### Data shown
* * *

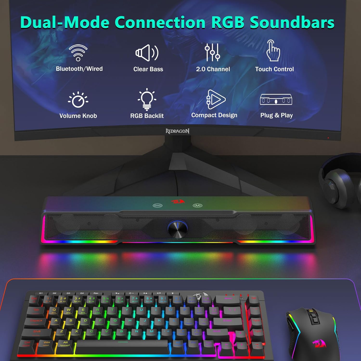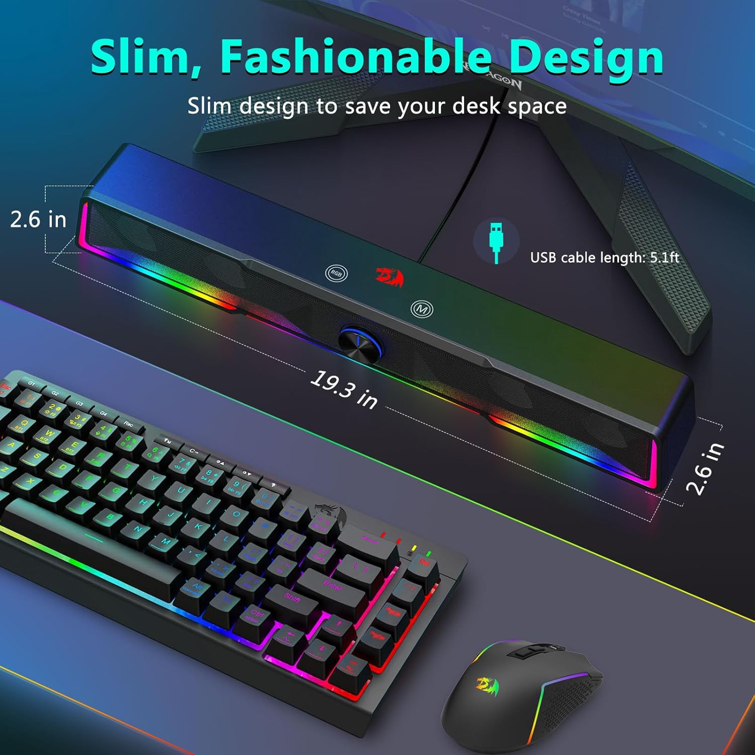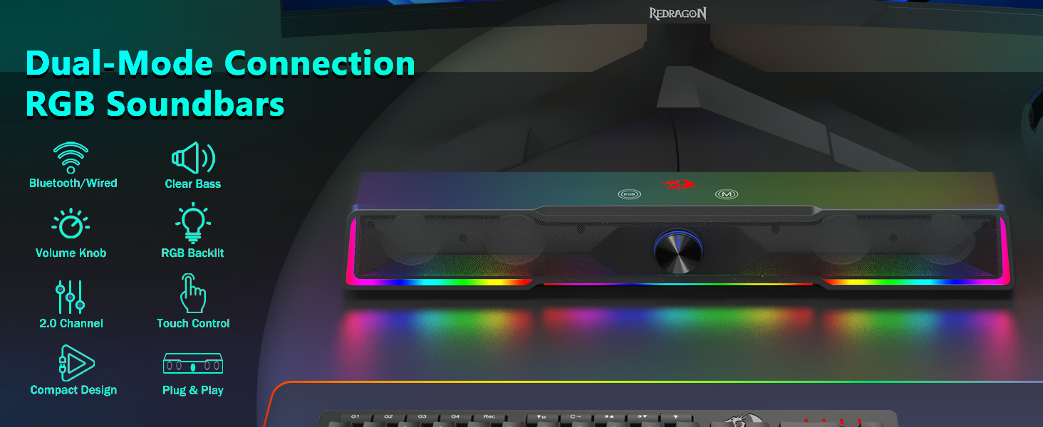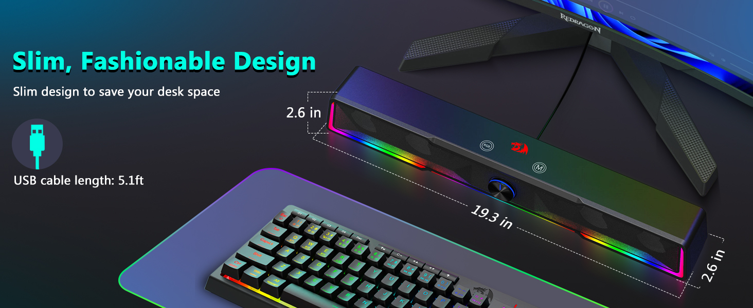 Struktur soundbar terintegrasi ngidini speaker nyebarake swara kanthi merata ing area meja, nggawe lapangan audio sing luwih akeh dibandhingake karo speaker kompak tradisional. Desain iki nambah pengalaman ngrungokake musik, film, game, lan rapat online.
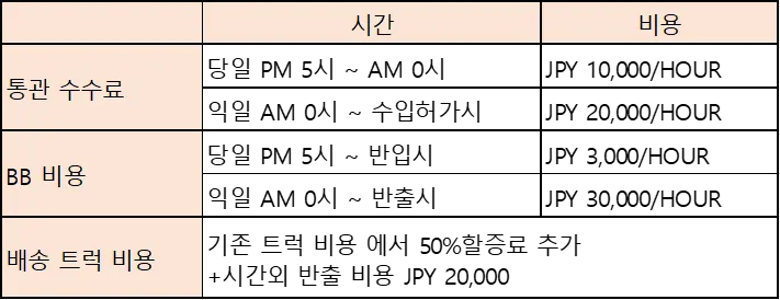 ※ 상기 비용은 HBL 당의 대략적인 비용으로서, 경우에 따라 추가 비용 등이 발생할 수 있으므로 상세 문의를 주시면 안내드리도록 하겠습니다.
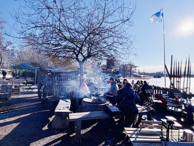 戶外用餐區燒著柴火,有好多坐著品嘗佳餚,溫暖著欣賞海之雪景的客人。
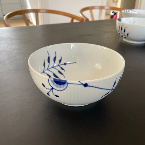 Royal Copenhagen skål i hvid med blå dekoration. Riflet struktur på ydersiden og klassisk blåmalet mønster rundt om skålen.
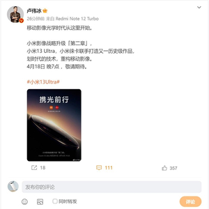 快科技4月12日消息,小米集团卢伟冰为小米13 Ultra预热,称小米13 Ultra是小米徕卡联手打造的又一历史级作品,4月18日正式发布。
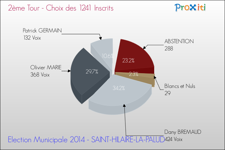 Le dimanche 30 mars dernier, pour le second tour des élections municipales à Saint-Hilaire-la-Palud, sur les 1241 inscrits pouvant voter, 953 votants se sont déplacés pour choisir leurs prochains élus.

* * *

### Work required
Once you find the line that contains "戶外用餐區燒著柴火,有好多坐著品嘗佳餚,溫暖著欣賞海之雪景的客人。", reproduce it and every line after it through the end of the entries above, exactly as written, with no pictures.

### Response to this exercise
 戶外用餐區燒著柴火,有好多坐著品嘗佳餚,溫暖著欣賞海之雪景的客人。
 Royal Copenhagen skål i hvid med blå dekoration. Riflet struktur på ydersiden og klassisk blåmalet mønster rundt om skålen.
 快科技4月12日消息,小米集团卢伟冰为小米13 Ultra预热,称小米13 Ultra是小米徕卡联手打造的又一历史级作品,4月18日正式发布。
 Le dimanche 30 mars dernier, pour le second tour des élections municipales à Saint-Hilaire-la-Palud, sur les 1241 inscrits pouvant voter, 953 votants se sont déplacés pour choisir leurs prochains élus.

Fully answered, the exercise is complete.